____ Data extracts
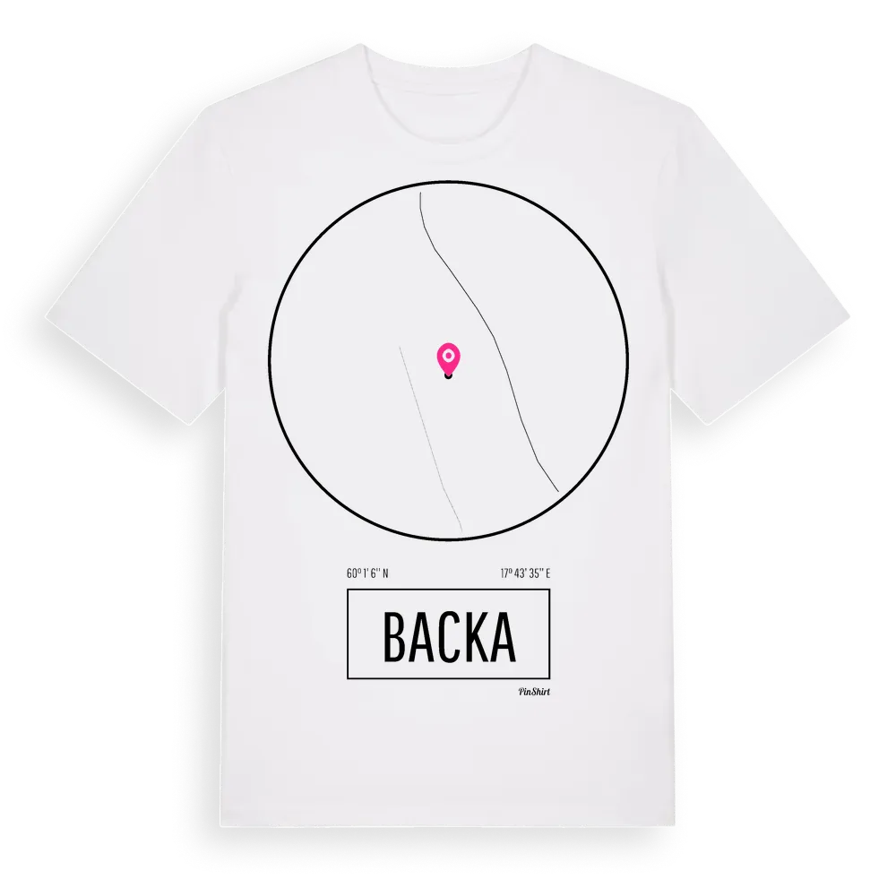 Backa t-shirt är inspirerad av byn Backa i Uppsala län, Sverige. Tröjan är designad för dig som har en speciell koppling till platsen – oavsett om du bor här, har rötterna här eller bara älskar Backa.
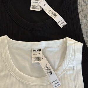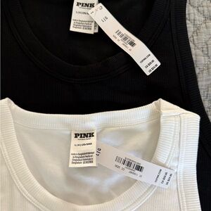 PINK Victoria's Secret Ribbed Tank Tops - White & Black (Set of 2) Lrg
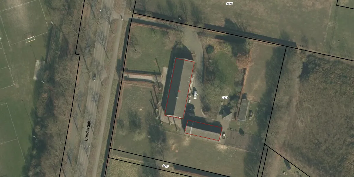 Het perceel waarop Lodderdijk 33 staat heeft een oppervlakte van 6785 m². Dit is een zeer groot perceel. De perceeloppervlakte wordt geregistreerd door het Kadaster. Gedetailleerde informatie over de maten van dit perceel kunt u vinden in het rapport Kadastrale kaart met maatvoering van Lodderdijk 33.
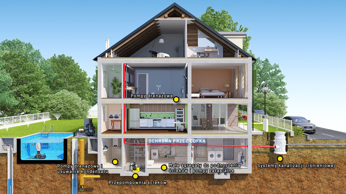 Pompy zatapialne są wykorzystywane do odprowadzania ścieków i ochrony przed cofaniem się wody niezależnie od tego, czy są zainstalowane stacjonarnie w studzience odpływowej lub rząpi w piwnicach, pralniach, magazynach, czy w specjalnych zbiornikach. Wszędzie tam, gdzie ścieki gromadzą się poniżej poziomu cofki i muszą być przepompowane do kolejnego przewodu zbiorczego, urządzenia podnoszące odprowadzają je bezpiecznie, niezawodnie i zgodnie z normami.
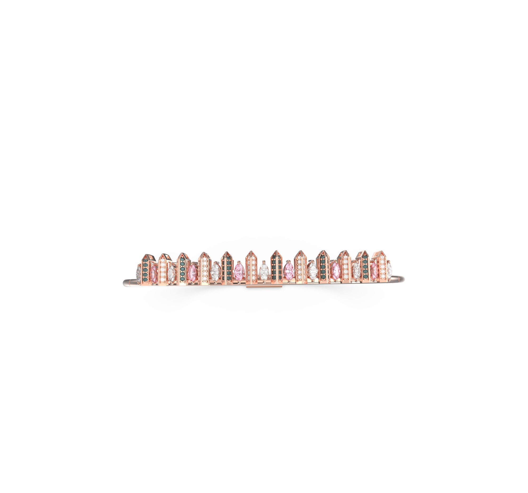 Meticulously handcrafted, each gemstone is precisely set within a sculptural structure of warm rose gold, weighing 9.46 grams. The result is a refined yet expressive jewel that feels both modern and timeless — a symbol of artistry in motion.
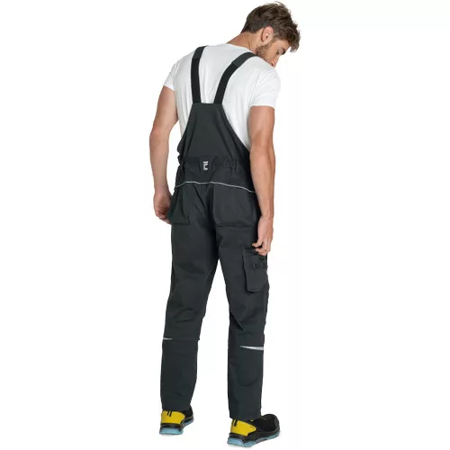 • férfi melles munkanadrág rugalmas anyagból • elasztikus derékrész övbújtatókkal • 2 első zseb, 2 hátsó zseb • 2 cipzáras, hálós szellőző zseb a combrészen • 1 multifunkciós zseb a jobb oldalon • 1 multifunkciós mellzseb • megerősített térdrész térdvédő behelyezéséhez • fényvisszaverő szegélyek és nyomott mintás részletek • a nadrágszár hossza 5 cm-rel hosszabbítható
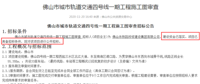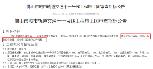 11月23日,记者从佛山市公共资源交易中心获悉,作为佛山轨道交通建设主力单位,佛山市铁路投资建设集团有限公司(下称“佛山铁投”)公布《佛山市城市轨道交通十一号线工程施工图审查招标公告》和《佛山市城市轨道交通四号线一期工程施工图审查》,两份公告均指出两个招标项目建设资金都已落实,已具备招标条件。其中佛山轨道交通线四号线(下称“地铁4号线”)一期工程共约33个站点,而佛山轨道交通线十一号线(下称“地铁11号线”)则有换乘站11座。
________
▸ Work item:
The lines to reproduce run from the one above containing "PINK Victoria's Secret" through the one containing "Het perceel waarop". Copy them exactly and leave out all pictures.

▸ Written reply:
 PINK Victoria's Secret Ribbed Tank Tops - White & Black (Set of 2) Lrg
 Het perceel waarop Lodderdijk 33 staat heeft een oppervlakte van 6785 m². Dit is een zeer groot perceel. De perceeloppervlakte wordt geregistreerd door het Kadaster. Gedetailleerde informatie over de maten van dit perceel kunt u vinden in het rapport Kadastrale kaart met maatvoering van Lodderdijk 33.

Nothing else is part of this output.